Records excerpted from a collection
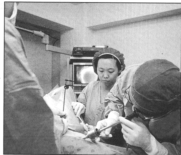
為迎接新生命而努力的醫護人員及母親

然而，除了工作忙碌、風險較大及低健保給付之外，產科醫師還必須面對棘手的醫療糾紛問題。在台灣，除了醫師法，醫療糾紛還涉及刑法，不能完全委託律師來解決。而社會型態的轉變、功利主義的盛行，無形中提高了對醫生們的要求。但對產科醫師而言，許多手術中的突發狀
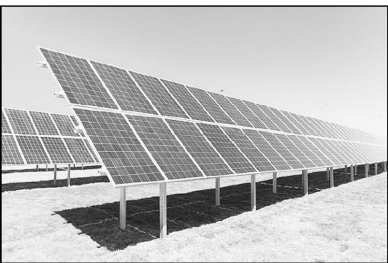
<카자흐스탄이 중앙아시아 최대 규모의 태양광 발전소를 완공하는 등 신재생에너지 개발사업에 박차를 가하고 있다.>

중앙아시아 자원부국 카자흐스탄에서 역대 최대 규모의 태양광 발전소가 처음으로 가동됐다. 이 거대한 태양광 발전소는 카자흐스탄 석탄산업의 심장부인 카라간다주에 들어섰다. 석탄·석유·가스 매장량이 풍부해 녹색에너지 개발을 미뤄오던 카자흐스탄이 신재생에너지 시대를 연 셈이다.
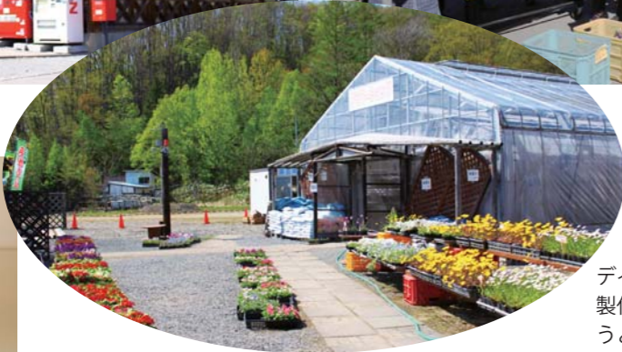
砂川地区各事業所で利用者が作成した農産物やうどん、玉子春にはワーク望や野菜班が育てた花や野菜の苗が並びます
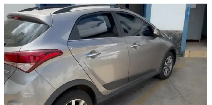
Carro clonado estava com o homem preso em Ouro Preto

De acordo com informações obtidas, o indivíduo era temido por seus inimigos por apresentar habilidades no manuseio de armas de fogo e se vangloriava de possuir treinamento militar por ter servido ao Exército brasileiro.
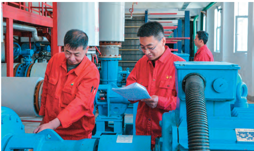
克拉玛依市热力公司推行党员“赛马”工作制,引导党员挑重担当先锋。
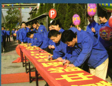
陶二电厂定期举办安全文化活动，增强职工的安全意识
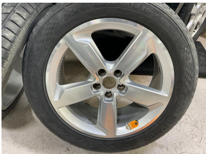
1.3 Kosmetisk skade på sommerfelger.
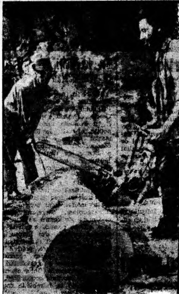
Mecanizarea a pătruns și în sectorul forestier Roșia, unde secționarea buștenilor se face cu fierăstraie mecanice
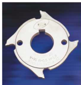
磨邊刀(4齒) BEVELING CUTTER φ83×4Z
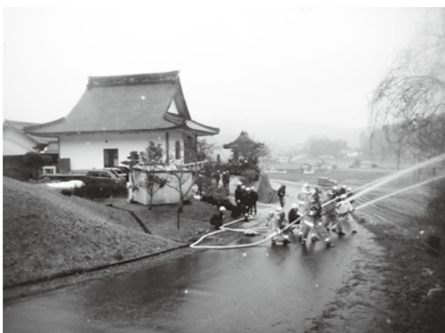
平成26年訓練の様子 (高宮町羽佐竹 万福寺)

文化財防火デーは昭和24年1月26日に、法隆寺金堂が炎上し、壁画焼損したことに基ついています。このような被害から文化財を守るとともに、国民一般の文化財愛護に関する意識の高揚を図るため、昭和30年から、1月26日を「文化財防火デー」と定めて、文化財防火運動を全国で展開しています。
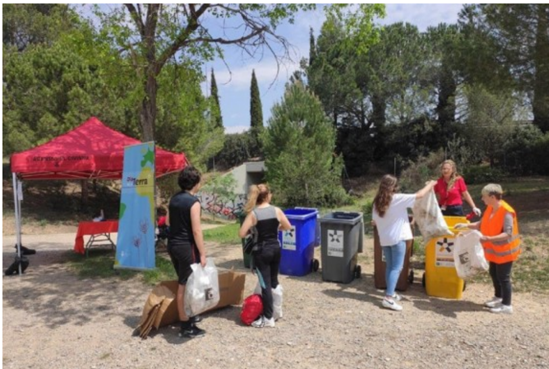
Les Agents Cíviques col·laboren en una trastejada
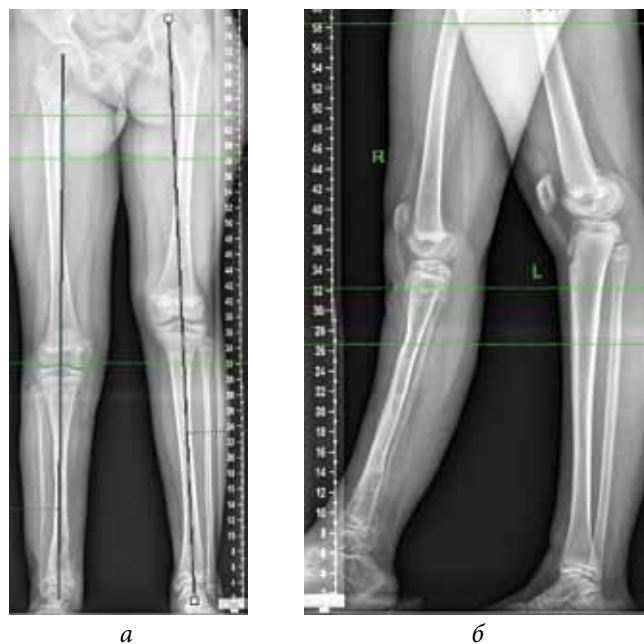
Рис. 7. Рентгенограммы пациентки после удаления пластинки и винтов по методике управляемого роста: а — передне-задняя проекция; б — боковая проекция

В литературе мы не нашли ни одной публикации, посвященной точности коррекции деформации, выбору уровня остеотомии(ий), лишь встречались упоминания о том, что остеотомия в зоне вершины деформации, чаще всего располагающейся на уровне консолидации ложного сустава, может привести к лизису концов костных фрагментов в месте остеотомии и, соответственно, к формированию ложного сустава [8].
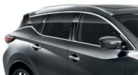
Темно-серый — KAD
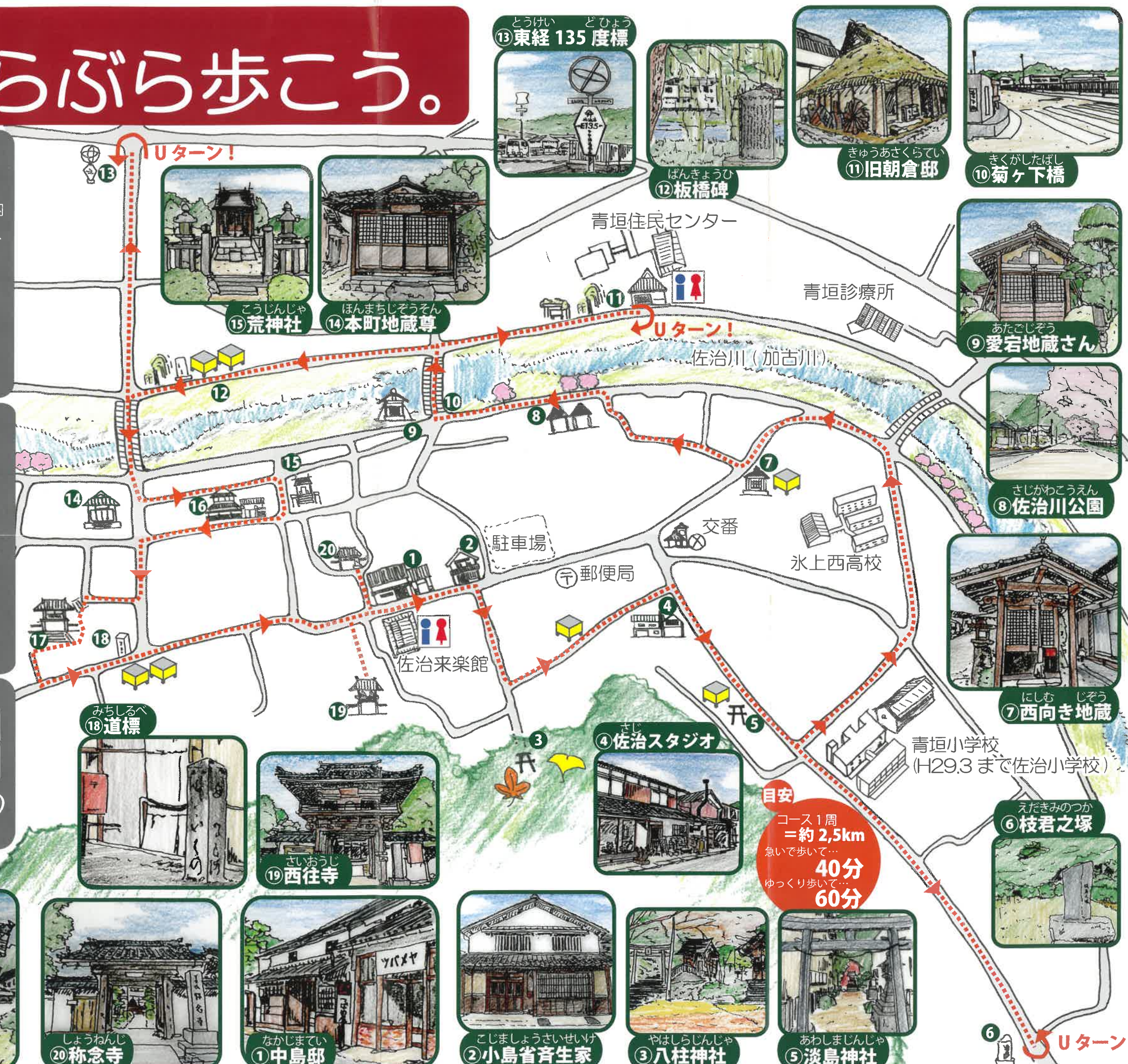
13 東経 135 度標

To do =>
A copy of each line above that holds the word "중앙아시아" is the expected answer.

Task response =>
<카자흐스탄이 중앙아시아 최대 규모의 태양광 발전소를 완공하는 등 신재생에너지 개발사업에 박차를 가하고 있다.>
중앙아시아 자원부국 카자흐스탄에서 역대 최대 규모의 태양광 발전소가 처음으로 가동됐다. 이 거대한 태양광 발전소는 카자흐스탄 석탄산업의 심장부인 카라간다주에 들어섰다. 석탄·석유·가스 매장량이 풍부해 녹색에너지 개발을 미뤄오던 카자흐스탄이 신재생에너지 시대를 연 셈이다.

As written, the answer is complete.